**** Data shown
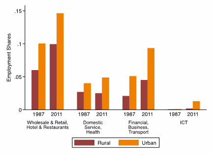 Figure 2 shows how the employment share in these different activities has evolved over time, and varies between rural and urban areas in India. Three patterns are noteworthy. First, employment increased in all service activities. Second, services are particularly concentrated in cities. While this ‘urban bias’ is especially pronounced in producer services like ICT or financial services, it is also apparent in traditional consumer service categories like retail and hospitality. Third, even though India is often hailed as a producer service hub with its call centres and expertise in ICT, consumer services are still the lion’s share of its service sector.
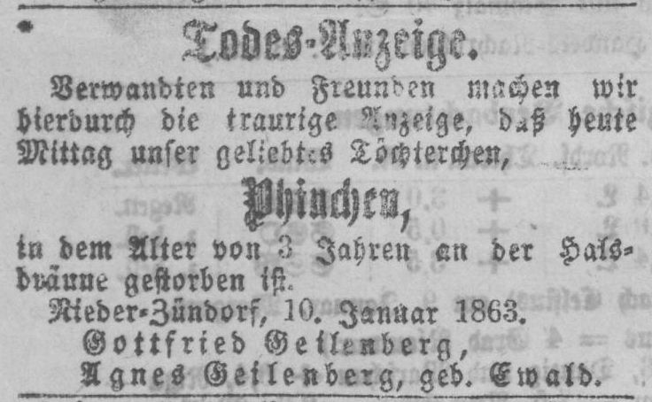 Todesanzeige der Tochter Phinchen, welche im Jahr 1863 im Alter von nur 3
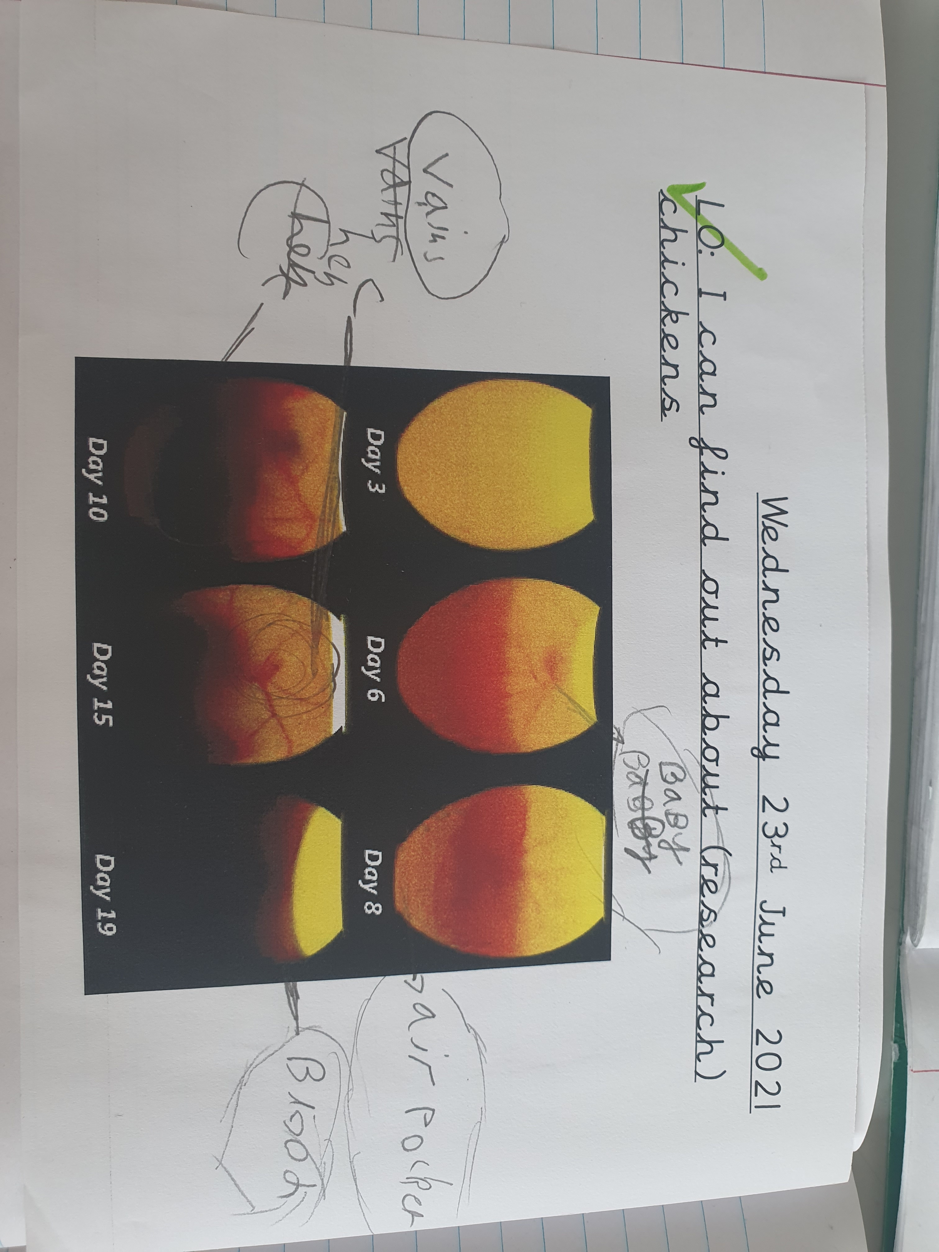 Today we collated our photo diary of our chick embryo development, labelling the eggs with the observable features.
********
### Work item
Exclude the images and reproduce the remaining data exactly.

### Output for this exercise
 Figure 2 shows how the employment share in these different activities has evolved over time, and varies between rural and urban areas in India. Three patterns are noteworthy. First, employment increased in all service activities. Second, services are particularly concentrated in cities. While this ‘urban bias’ is especially pronounced in producer services like ICT or financial services, it is also apparent in traditional consumer service categories like retail and hospitality. Third, even though India is often hailed as a producer service hub with its call centres and expertise in ICT, consumer services are still the lion’s share of its service sector.
 Todesanzeige der Tochter Phinchen, welche im Jahr 1863 im Alter von nur 3
 Today we collated our photo diary of our chick embryo development, labelling the eggs with the observable features.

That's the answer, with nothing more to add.